Amash gained an enormous amount of press for his harsh criticisms of President Trump, and becoming the first sitting Republican member-of-Congress to publicly support impeachment hearings against the president. This of course aligns with his libertarian viewpoints, but it also runs counter to the Republican Party's standard line (which seems to be that Donald Trump can get away with anything except a tariff war with Mexico, and there seems to be some leeway on that). Amash was publicly criticized by House Minority Leader Kevin McCarthy, as well as RNC Chair Ronna McDaniel, and quickly gained a primary challenger in the form of State Rep. James Lower. While it was a deeply-principled stand, it seems certain that Amash's political future with the GOP took a precarious step by making these calls against President Trump.

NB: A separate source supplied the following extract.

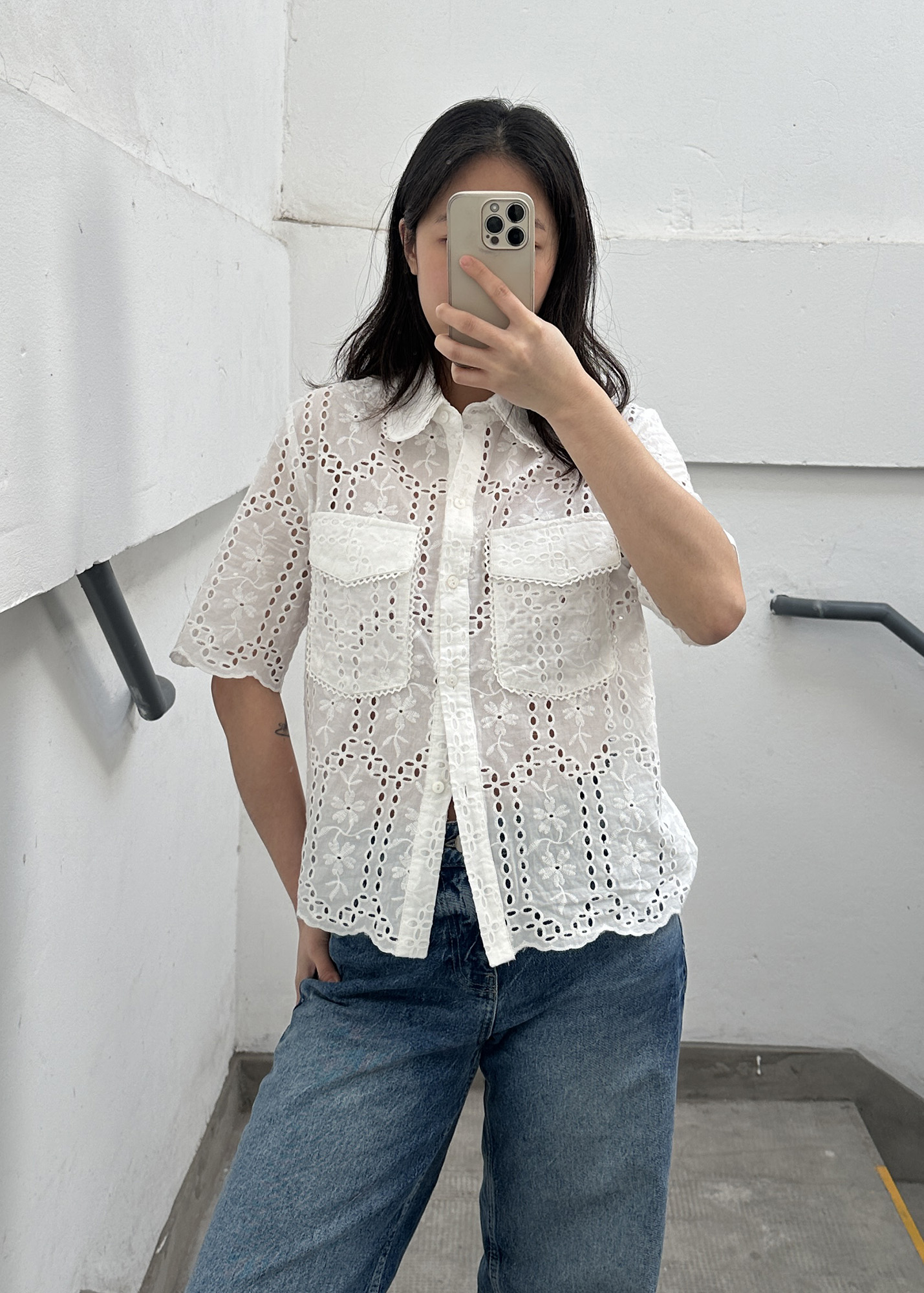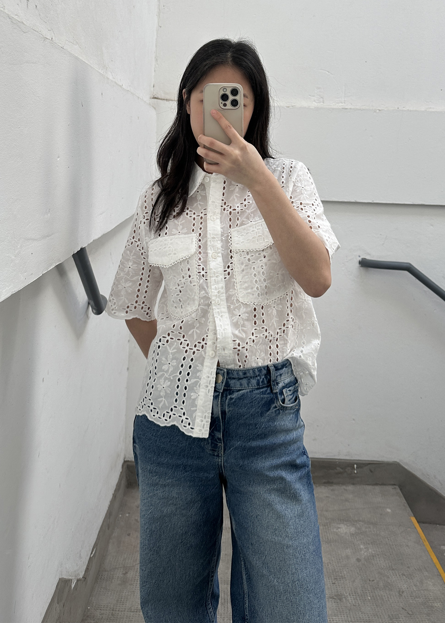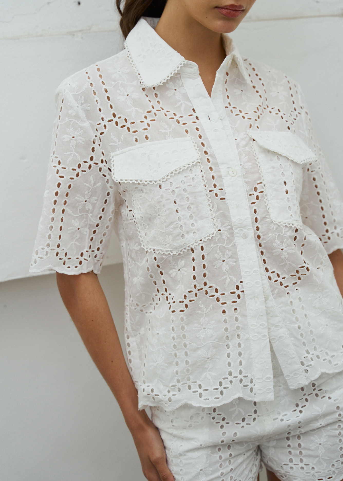 Camisa de broderie suelto, con bolsillos frontales, botones al tono y terminación festoneada en ruedo y cuello // MODELO IMPORTADO

What I was curious about, though, is what might be the bigger problem for the GOP here-Amash's district itself isn't as red as you'd think, and his loss in a primary doesn't guarantee that Lower will be a congressman come 2021. While Amash has regularly seen easy wins in the 3rd district, it's considered just an R+6 on the Cook PVI; nine current Democratic members of the House represent districts that are R+6 or greater, and several won these seats last cycle, so it's certainly possible the right Democrat could win this seat. Perhaps most eyebrow-raising for Democrats is if you look at the 2018 gubernatorial elections. Here, Democratic candidate Gretchen Whitmer actually won the 3rd district by just under a percentage point, proving that it's possible for a Democrat to win this district under the right circumstances.

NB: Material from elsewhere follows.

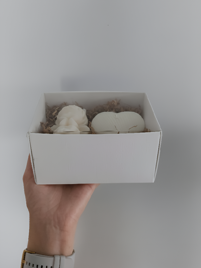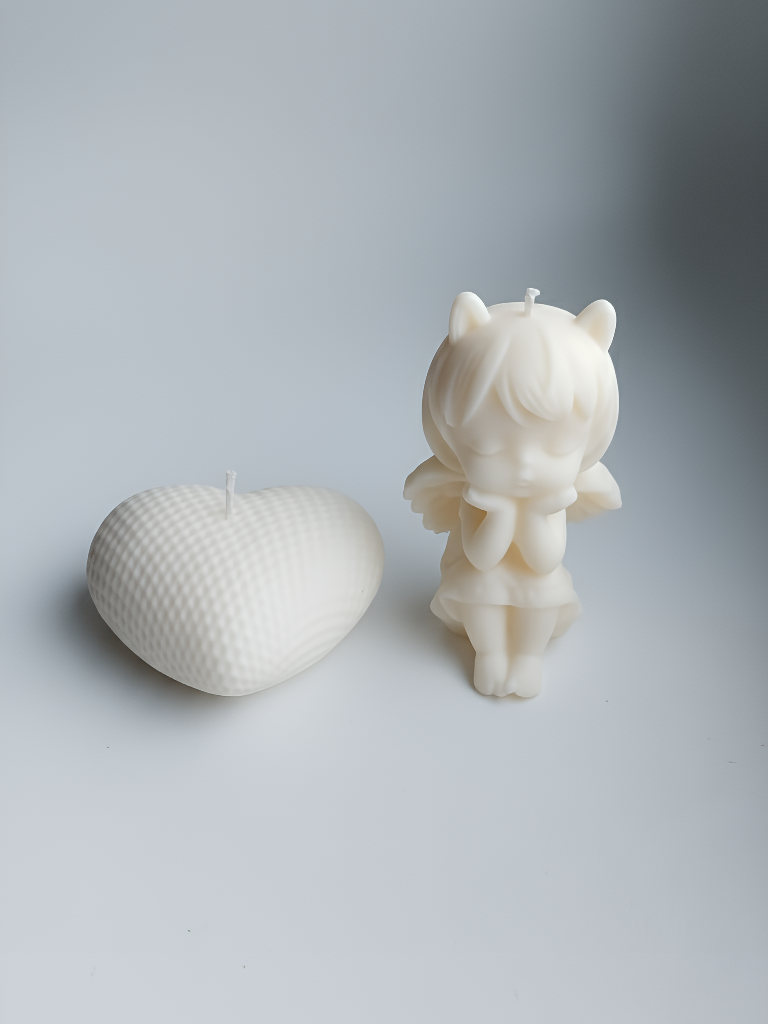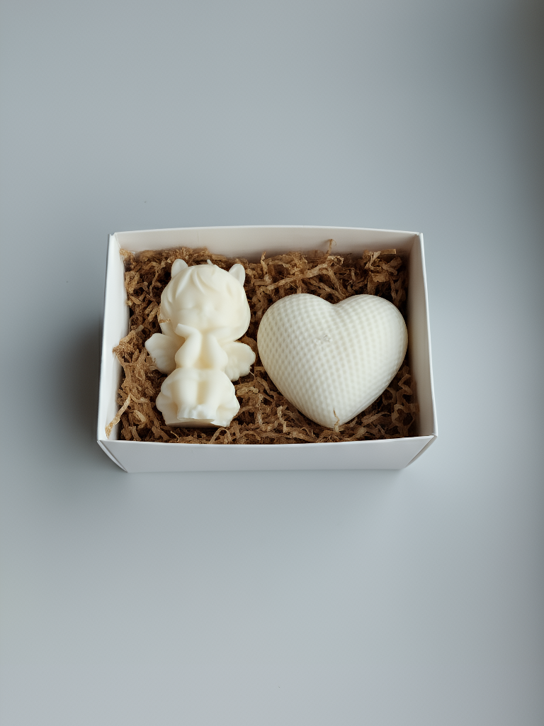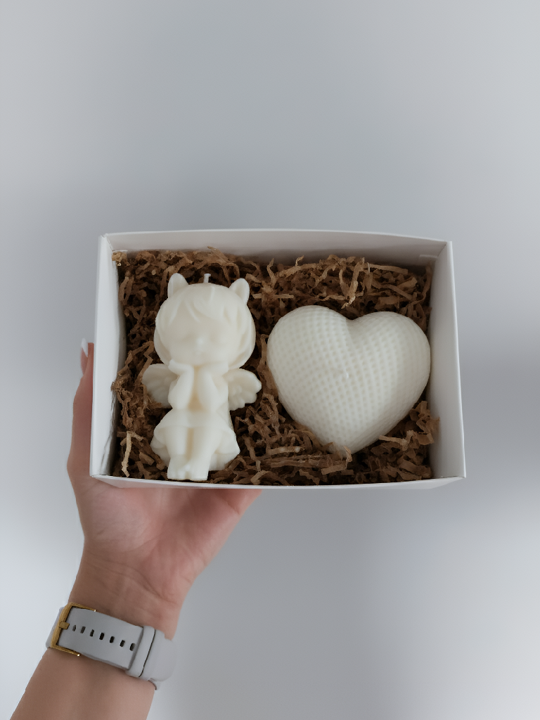 Rankų darbo,kvepiančios žvakės iš natūralaus augalinio sojų vaško su medvilnine dagtimi. Rinkinį sudaro 1vnt žvakė „Angelas” ir 1vnt žvakė „Širdelė”. White Musk kvapas.

State Rep. Katie Arrington (R-SC) |
This begs the question-is it common for a political party to essentially "shoot themselves in the foot" and throw out a sitting incumbent, only to watch as that incumbent loses the general election? It turns out, it's not. Though it's sometimes hard to glean what exactly counts as an incumbent, by my count 56 incumbent members of either the House or Senate have lost their primaries for reelection, and in most of those cases the challenger ended up winning the seat (sometimes by a little, sometimes by a lot, but frequently winning). Only seven times in the past 17 years has the incumbent party thrown out an incumbent and then found that the other party had the winning ticket up their sleeve (pushing the question of whether they would have kept the seat had they just stuck to the person in office).
Looking at the reasons for these losses, almost all of them involved an incumbent that was considered out-of-step with current political orthodoxy for the party (similar to if Amash were to lose). Reps. Wayne Gilchrest & Mark Sanford, as well as Sens. Arlen Specter, Luther Strange, & Richard Lugar were considered too centrist in their politics and therefore unacceptable in a general, even though (save perhaps Specter) almost all of these men would have certainly won the general election as the people who beat them didn't lose by much. Rep. Alan Mollohan lost after a series of ethical violations (based on him allegedly misrepresenting his financial forms) to someone who was arguably more centrist to him, but the district had swung too far right to actually stay blue in 2010. The final person is a strange case where, post the census, Rep. Mark Critz beat his colleague Jason Altmire, but then still lost the general election to Keith Rothfus, who holds the rare distinction of beating an incumbent who beat an incumbent (in the same cycle)...Rothfus would later go on to also be an incumbent who lost to an incumbent after a mid-decade redistricting (to Conor Lamb).
Perhaps the scariest thing for the GOP here would be the case of Mark Sanford. Sanford was a relatively reliable GOP vote whose only real crime was speaking out against President Trump (and not even doing so in too many actual votes). He lost to State Rep. Katie Arrington, but Arrington then turned around and lost to now-Rep. Joe Cunningham in a district that is R+10 and in which Trump won, but by a declining margin compared to Mitt Romney. Amash could pose a similar opportunity for the Democrats, and they're taking this seriously, with former Obama White House aide Nick Colvin recently announcing, and likely seeing more people eyeing this seat. It's entirely possible the Republicans may stomp out Amash for opposing a portion of their agenda, and then see him replaced with a person who would support the Democrats in reality, and not just in theory.